A tiny part of me is anxious about drawing Big Bear in and exposing him to the unknowns of where these relationships might take us. However, when I’m unsure, I generally ask myself whether it is better to do something or to do nothing. Doing nothing keeps things the same but doesn’t allow for progress. Doing something is riskier but by reaching out, things could move on/improve/take us to amazing places. For the possibility of improving these children’s lives, the risks feel worth taking.
This is probably going to sound overstated but recently I have spent a lot of time wondering what our role is in the other sibling’s lives. Instead of us passively waiting to be impacted or not by how the siblings turn out in later life, what if we did our bit to support and influence them now? After all, we could be a constant in their lives, when so many other things change. I am unsure as to how much influence it is possible to have through a couple of letters. However, I have had really positive feedback about the letters we sent last year and the perceived therapeutic benefits of them for the children. So much so, that I recently had a phone call from the Letterbox co-ordinator asking whether we would consider increasing the frequency of our contact. It was a no-brainer and immediate ‘yes’. As they were asking something of me, I felt it ok to ask something of them: would they send me an update about the children before letterbox time so that I could write them a tailored letter, answering their questions or tackling their specific worries directly. This was agreed and we have received it in the last few days.

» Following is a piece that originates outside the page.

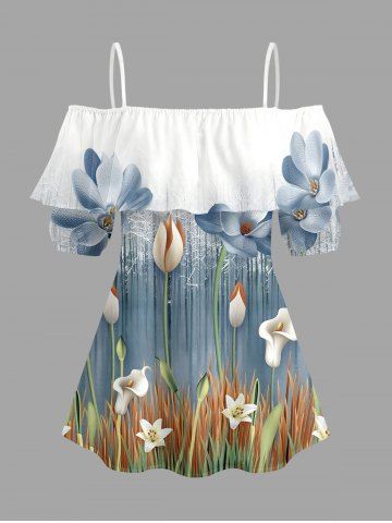 Plus Size Flower Plant Print Hawaii Ruffles Cold Shoulder Blouse - Blue Gray - 4xl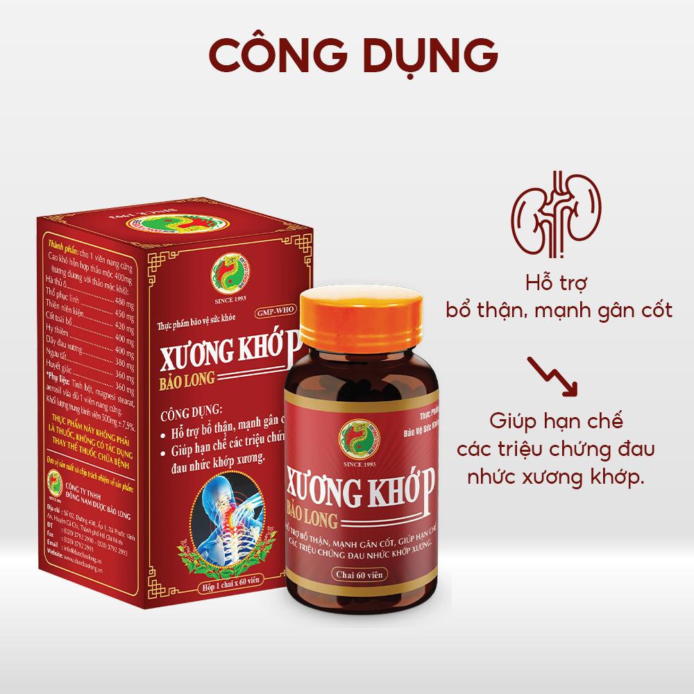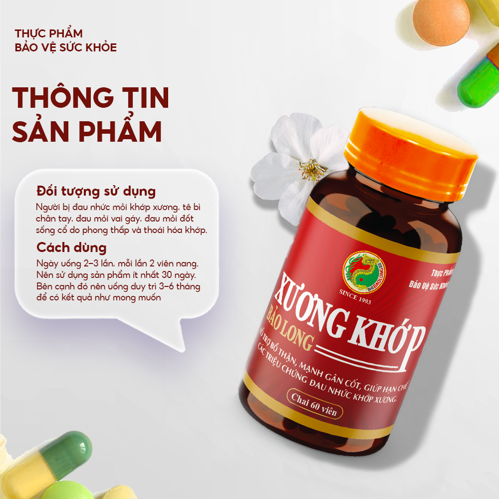 Đừng để nỗi đau xương khớp kìm hãm bạn! Hãy để sản phẩm Xương Khớp Bảo Long đến từ công ty Đông Nam Dược Bảo Long giúp bạn giải phóng khỏi những cơn đau,hỗ trợ tái tạo sụn khớp, bồi bổ gân cốt, cho bạn tận hưởng trọn vẹn từng bước chân tự do, mỗi ngày đều là một ngày tràn đầy năng lượng và niềm vui.

In my eyes, the update is essential for me to be able to write them the best, most useful letter I can – without knowing what they need, it just feels like empty words on a page. We are also concerned about them and genuinely want to know how they are doing. The news about one child in particular was not good this time and it was upsetting to read. I am particularly concerned about getting their letter right and wonder whether we can impact how they feel, even in the smallest way.
It is a tricky line to walk, balancing the needs of all, their feelings, my perception of how they might feel, taking a positive tone and trying to therapeutically parent them from afar. It doesn’t feel like ‘just a letter’ this time. It feels like doing something. It feels like the beginning of a relationship; a relationship I’m keen to cultivate because if the writing goes well, maybe meeting up is not such a crazy thought.